J'en reviendrai (lettres, permissions, et retour à la vie civile)

 

 

 

 

 

Petit encrier français

Les lettres étaient souvent  le seul lien qui les rattachait à leur vie d’avant et à ce qui restait d’humain en eux.
Dans celles qui échappaient à la censure:

"On y sent la terre lourde et sale, on y entend les obus qui hurlent, on y voit les regards qui s’éteignent." (Général André Bach, le Figaro 2006)

 

"Correspondance dans les ruines de Massiges"

 

 

 

 

 

 

 

"A la Main de Massiges",  soldat en train d'écrire

 

 

 

 

 

 

 

 

 

Petit crayon à papier (non exhumé de la craie)

 

Chaque trace au crayon à papier sur une feuille tâchée, écrite sous la pluie du fond d’une tranchée ou  la veille d’une attaque, forment les mots d’une histoire qui parfois ne verra plus la vie.


"Maintenant qu’il avait sa lettre dans sa poche, il n’était plus pressé de la lire, il ne voulait pas dépenser toute sa joie d’un seul coup. Il la goûterait à petits mots, lentement, couché dans un trou, et il s’endormirait avec leur douceur dans l’esprit." 

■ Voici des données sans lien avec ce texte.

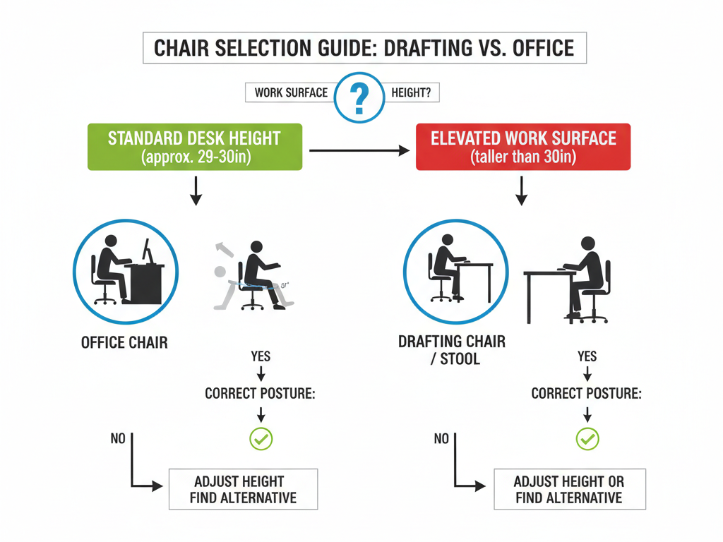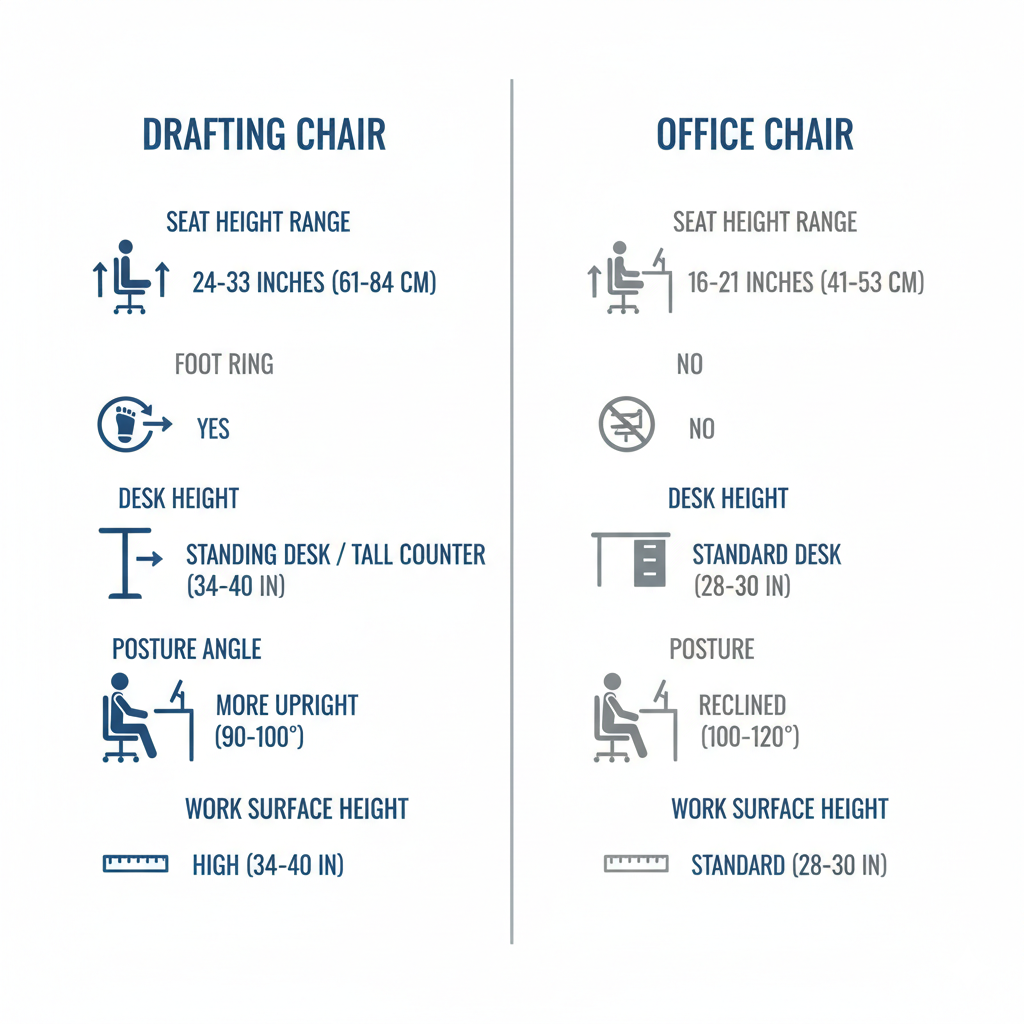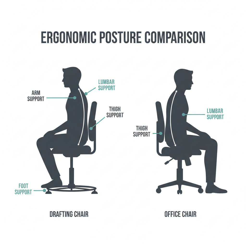 Drafting chairs are designed for elevated work surfaces. Office chairs are designed for standard desk height. Choosing the wrong one usually leads to poor posture, unstable foot support, or unnecessary fatigue.

(Roland Dorgelès, Les croix de bois, 1919)

 

 

"Distribution de courrier secteur de Massiges, 1917"

 

 

 

 

 

 

Petit encrier allemand

Ceux qui sont rentrés se sont murés dans le silence,  acceptant de ne plus être compris de ceux dont ils gardaient la vie et les foyers et à qui ils ne ressemblaient plus qu’à peine.

Leurs écrits subsistent…en ligne sur le site.

 

 

 

Artilleur anonyme 

 

"Les mois et les années peuvent venir.

Ils ne me prendront plus rien. Ils ne peuvent plus rien me prendre.

Je suis si seul et si dénué d’espérance que je peux les accueillir sans crainte."

(Erich Maria  Remarque, à l’Ouest, rien de nouveau, 1928)


Combien ont raté leur retour à la vie civile,  stigmates vivants d’une guerre que ceux de l’arrière  cherchaient à oublier ?
Eux étaient revenus : de quoi pouvaient-ils se plaindre ?

Incapables  de mettre en mots leurs douleurs, ils les ont gardées au plus profond de leurs âmes en espérant vainement qu’elles s’éclipsent à jamais.
Eux étaient allés trop loin, bien au-delà de ce dont le corps peut se souvenir.
Ils  étaient devenus étrangers à leur propre histoire, à leur famille et à leur vie.

Ce sentiment d’incompréhension entre les combattants et les civils, de nombreux poilus en ont fait l’amère expérience lors de leurs rares permissions.

 

"Rien de changé dans le centre. Les théâtres et les cinémas regorgent de monde.

Cette fois le baromètre du civil était descendu à l’orage et l’on entendait assez fréquemment :
"Oui mais qu’est-ce que vous fichez donc là-bas ? Vous ne pouvez pas les mettre dehors ? "
Cette belle innocence du civil fâchait le poilu et au retour c’était un aliment aux conversations dans les cagnas et un prétexte pour maudire de plus en plus les gens de l’intérieur.

(Théodore Devaux, Champagne, en permission du 17 au 25 avril 1915)


"Lorsque je racontais la grande pitié du front, le martyre des villages, la détresse des champs, beaucoup m’écoutaient sans me comprendre, et tous ne me croyaient pas ; car parmi les réalités que l’imagination n’atteint pas, il faut nommer la guerre."

(Joseph Raymond, Froc et épée, 1919)

 

 

Images fantômes sur un fragment de pellicule photo

 

 

"Qui saura jamais les mille actions éparpillées d'une telle bataille, la multitude anonyme des héroiques et des vaillants ? " (Soldat de la 2ème Armée)

"L’arrière, n’imaginait guère les combattants qu’à travers un écran de papier imprimé, répandant et fomentant des légendes immondes, et peut-être nécessaires, de « poilus » perpétuellement insouciants et rigolards, de grands chefs humains, prévoyants, géniaux.

Ce qu’étaient impuissants à dire les récits des permissionnaires, à montrer les membres fraichement torturés des blessés, ce qui restait enclos dans les yeux fous des hommes boueux échappés de leur coin d’enfer, le vent de la mort ne pouvait pas davantage le faire entendre."